Perhaps don’t use a distribution altogether? Use a sharedvariable for those hyperparameters, and have a step method update it between draws (can a step method have zero variables? If not, give it an isolated Flat). That ought to be possible.

That’s directly what you’re trying to achieve

Something like this seems to work:

import aesara
import aesara.tensor as at
import pymc as pm
import numpy as np

from pymc.step_methods.arraystep import BlockedStep

class UpdateSharedVariablesStep(BlockedStep):

    def __init__(self, shared_vars, trace, seed=None, model=None):
        self.vars = shared_vars
        self.rng = np.random.default_rng(seed=seed)
        self.trace = trace

    def step(self, point: dict):
        i = self.rng.integers(100)
        #i = self.rng.integers(self.trace.posterior.draw.size)

        for v in self.vars:
            #v.set_value(self.trace.posterior[v.name].sel(draw=i, chain=0).values)
            v.set_value(i)

        return point


temp = np.array([0, 1])
obs = np.array([0.3, 3.5])

with pm.Model() as local_model:
   a = aesara.shared(0.0, name='a')
   aT0 = aesara.shared(0.0, name='aT0')
   update_shared_step = UpdateSharedVariablesStep([a, aT0], trace=None)

   global_slr = pm.Deterministic('global_slr', a*temp[1]-aT0)
   land_motion = pm.Normal('land_motion', 0, 2)
   local_slr = pm.Deterministic('local_slr', global_slr + land_motion)

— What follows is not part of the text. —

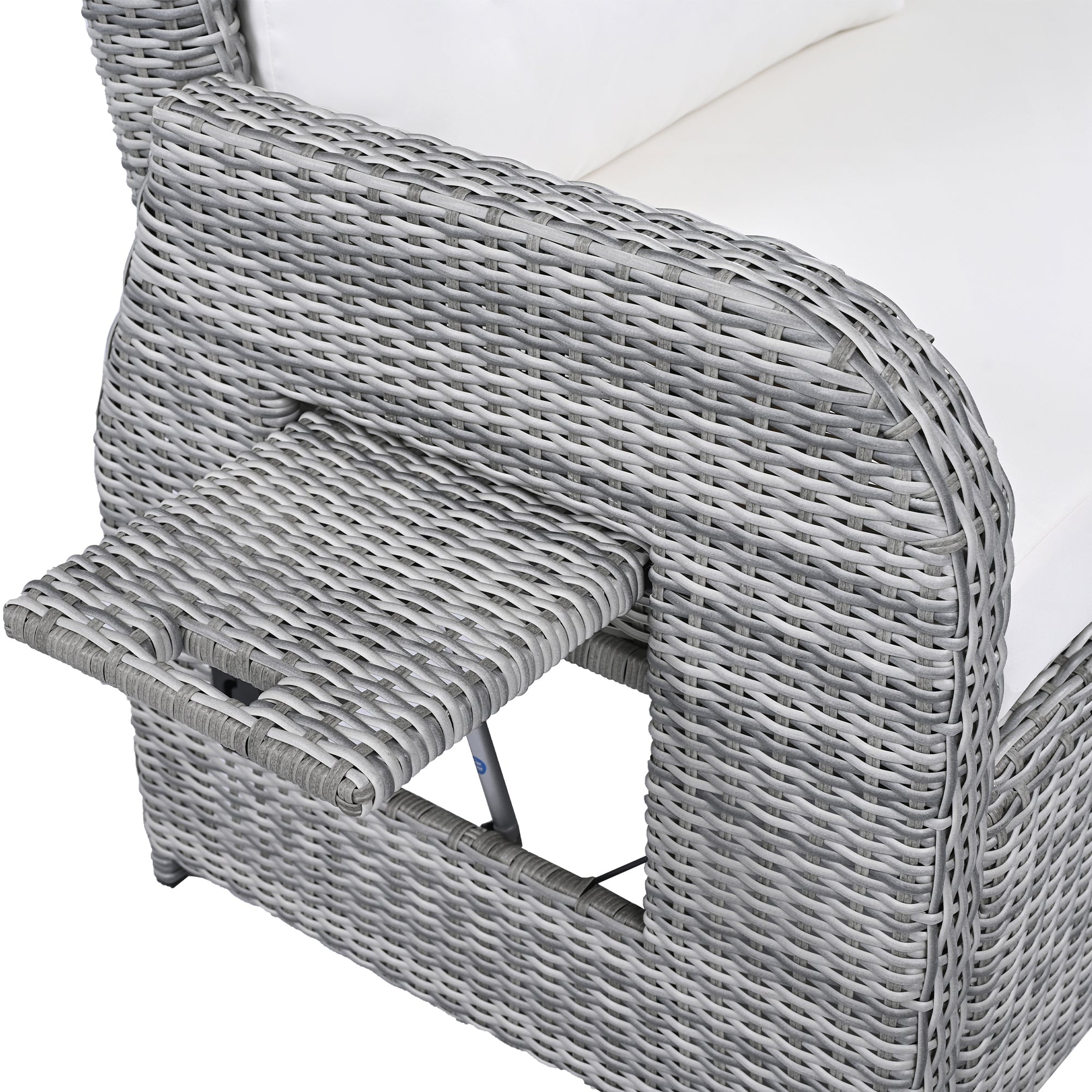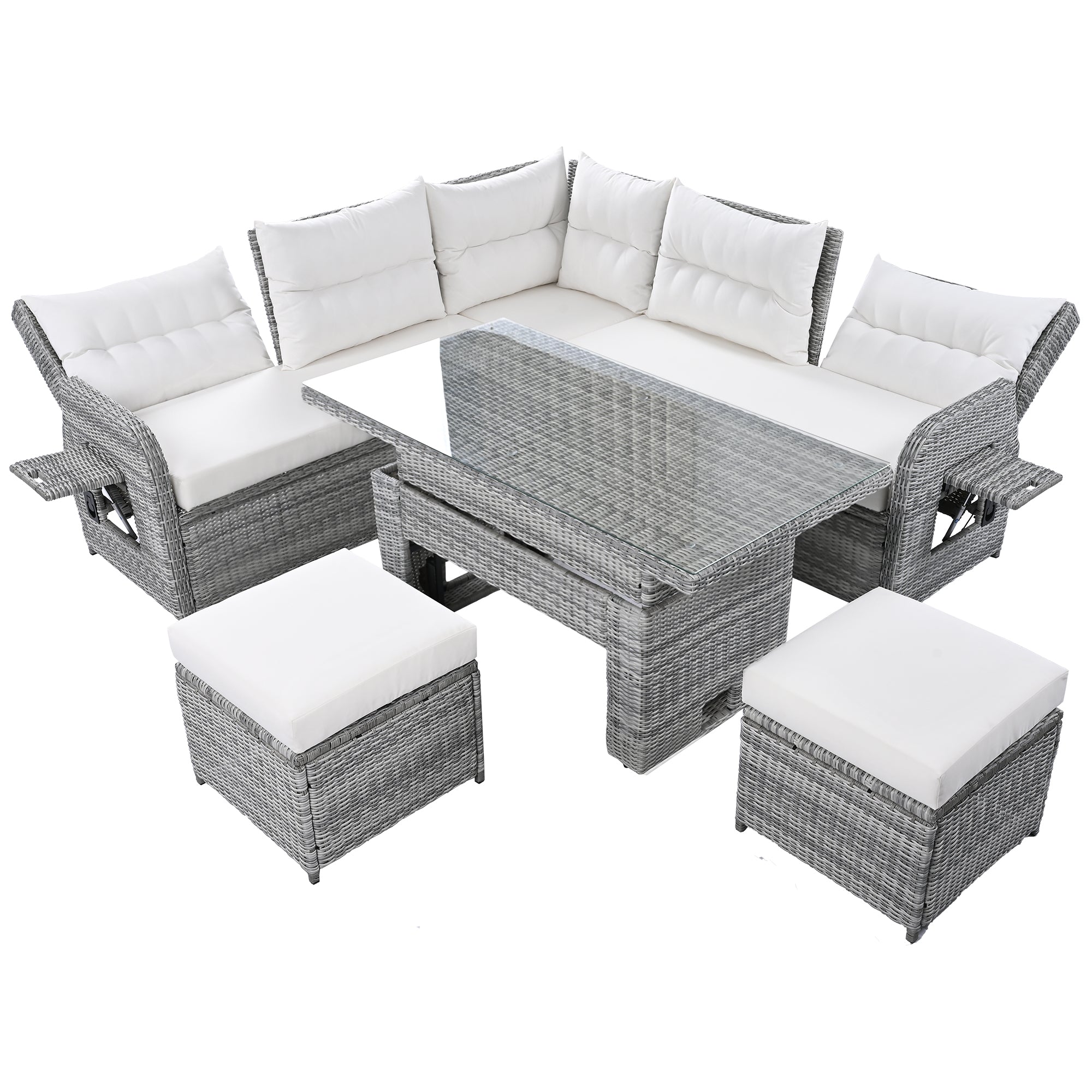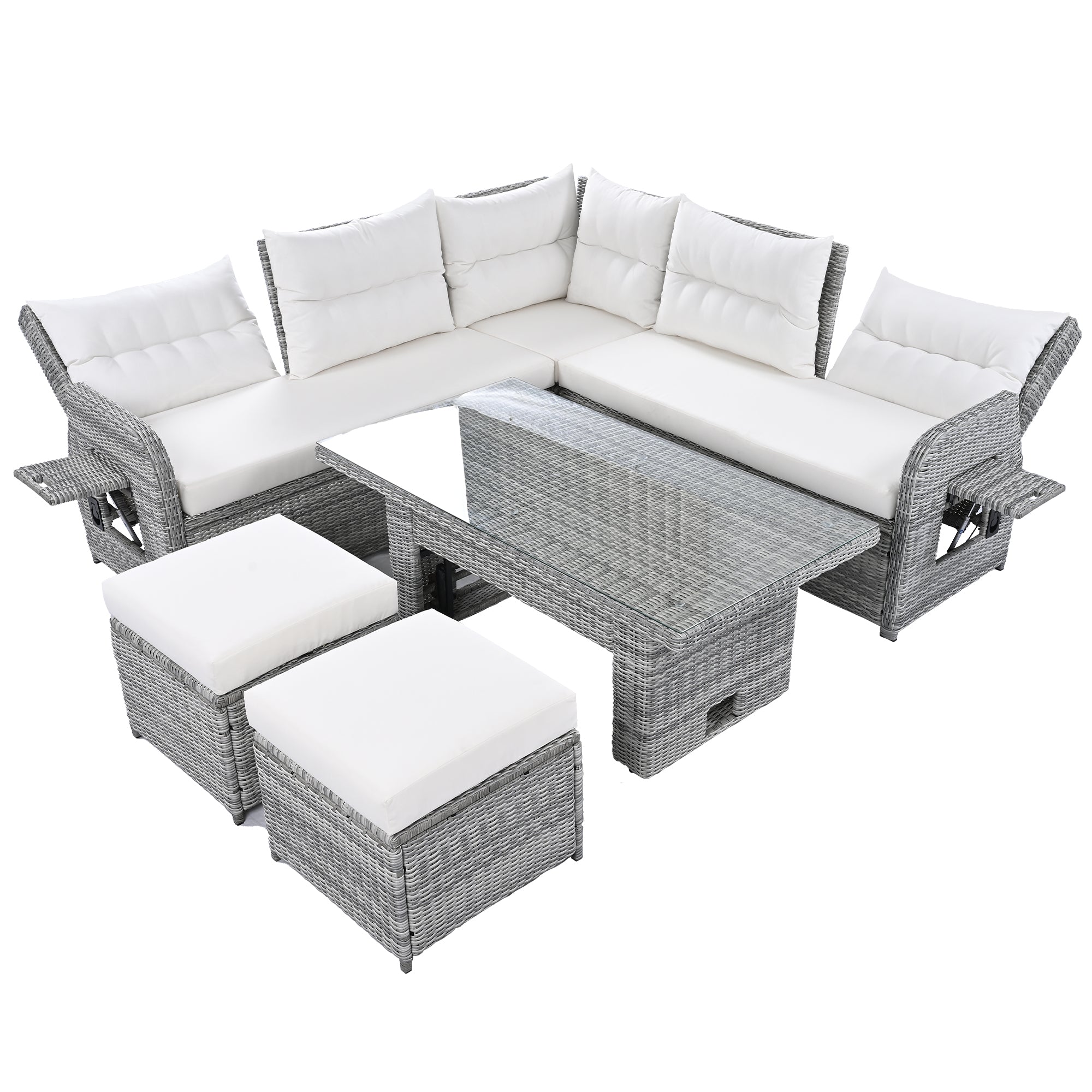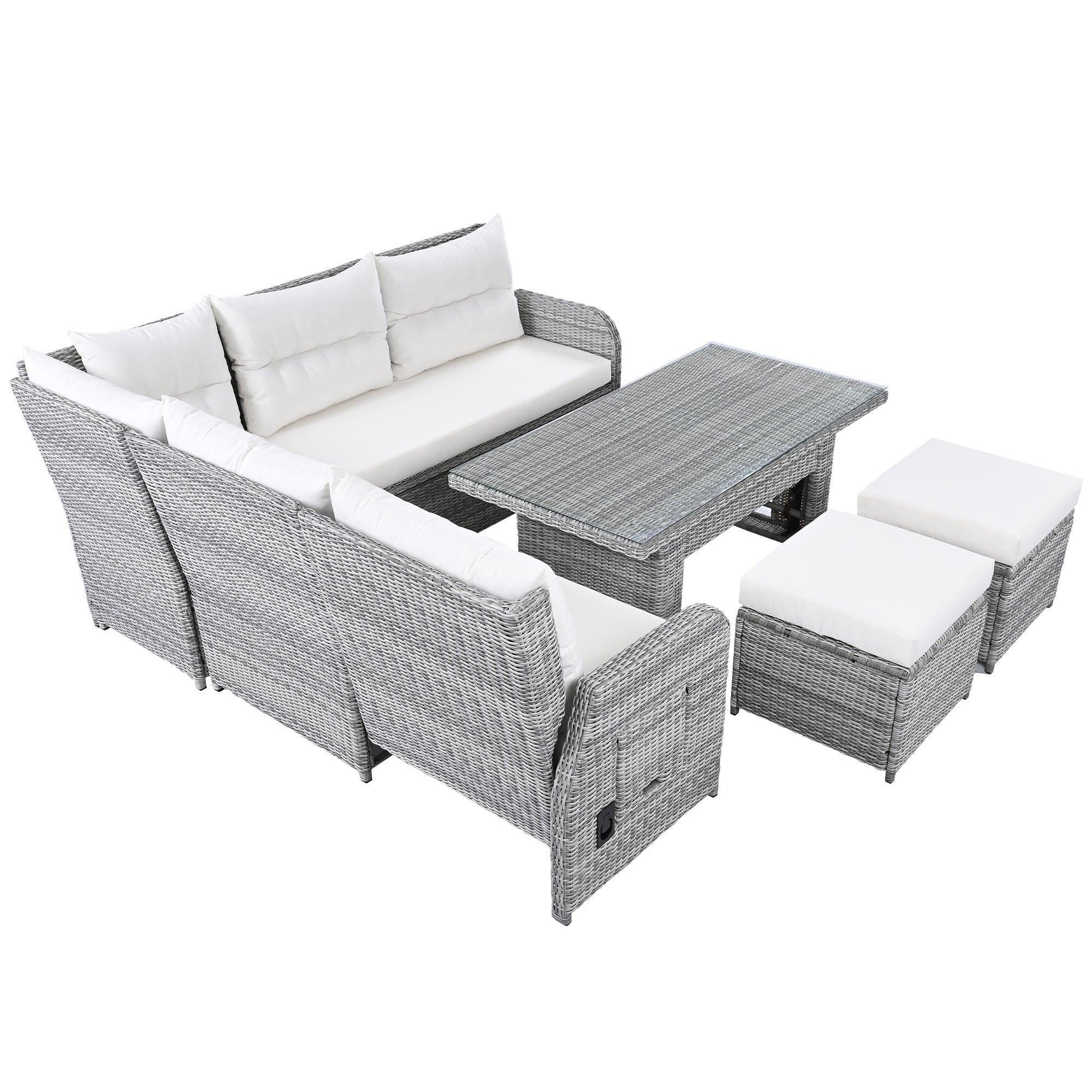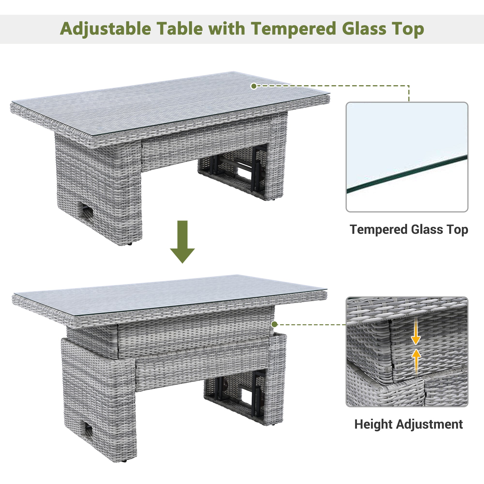 Outdoor Furniture Set Patio Rattan Furniture Set with an Adjustable Table, Recliners with Extendable Side Tables, and Two Ottomans For Patio, Lawn, Backyard, Pool, Beige N719Z000120A-djyc

   pm.Normal('local_slr_obs', local_slr, sigma=0.2, observed=obs)

   local_trace = pm.sample(step=[update_shared_step], chains=1)
1 Like

I’ll look into it. Thanks for the suggestion and the warnings.

In pymc3 I used a RandomStream integer like this:

from theano.tensor.random.utils import RandomStream
from theano import shared

srng = RandomStream(seed=234)
a_shared = shared(trace.posterior['a'].sel(chain=0).values)
aT0_shared = shared(trace.posterior['aT0'].sel(chain=0).values)

for k in range(n_stations):
    with pm.Model() as local_model:
        
        i = pm.Deterministic('global_ensemble_i', srng.categorical(np.ones(trace.draw.size)))
        a = a_shared[i]
        aT0 = aT0_shared[i]        
        global_slr = pm.Deterministic('global_slr', a*temp[1]-aT0)
        ...

but that approach fails in pymc v4

Oh. Great. I’ll go and try this out. Many thanks, really.